→ **Exercise description**: Nothing but an exact copy is asked for: the lines in the material below from the one with "Ingrédients : Crème" through the one with "- bodenebene Dusche", pictures excluded.

→ **Material for the task**:

* * *

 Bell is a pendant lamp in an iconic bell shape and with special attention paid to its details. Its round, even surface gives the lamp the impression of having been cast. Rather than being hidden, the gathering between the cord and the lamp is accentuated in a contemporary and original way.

* * *

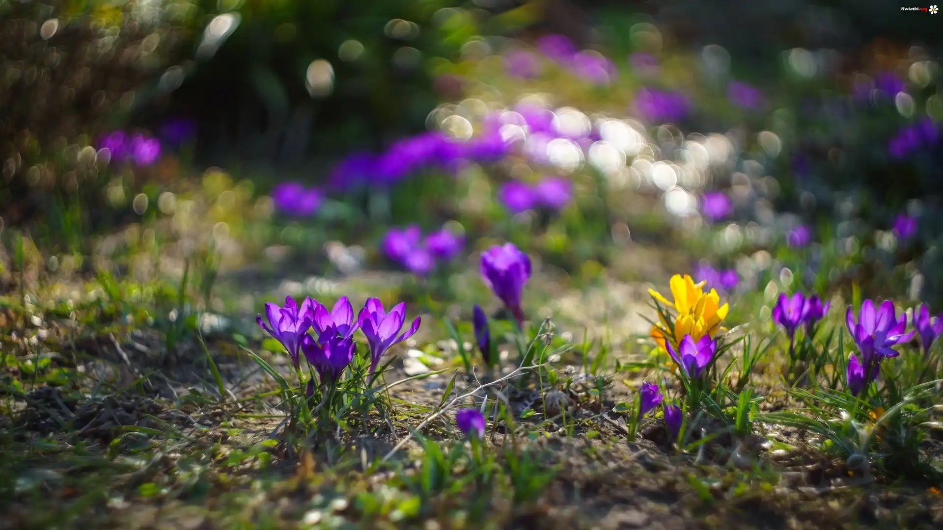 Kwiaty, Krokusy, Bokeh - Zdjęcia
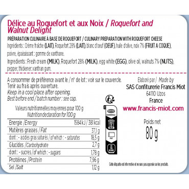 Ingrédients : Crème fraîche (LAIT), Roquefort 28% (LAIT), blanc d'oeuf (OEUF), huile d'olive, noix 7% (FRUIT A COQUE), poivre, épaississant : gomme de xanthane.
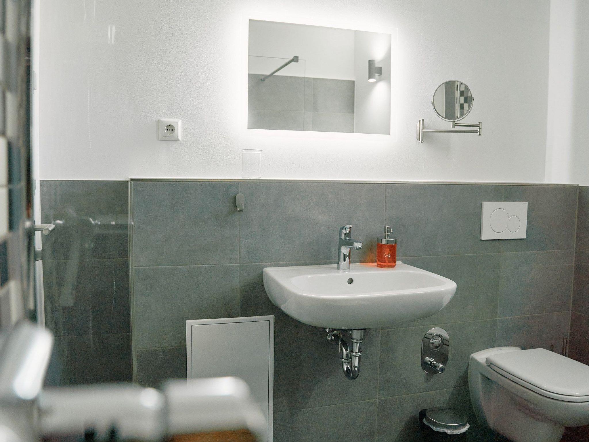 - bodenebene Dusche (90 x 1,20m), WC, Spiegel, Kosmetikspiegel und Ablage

* * *

→ **Task response**:
 Ingrédients : Crème fraîche (LAIT), Roquefort 28% (LAIT), blanc d'oeuf (OEUF), huile d'olive, noix 7% (FRUIT A COQUE), poivre, épaississant : gomme de xanthane.
 - bodenebene Dusche (90 x 1,20m), WC, Spiegel, Kosmetikspiegel und Ablage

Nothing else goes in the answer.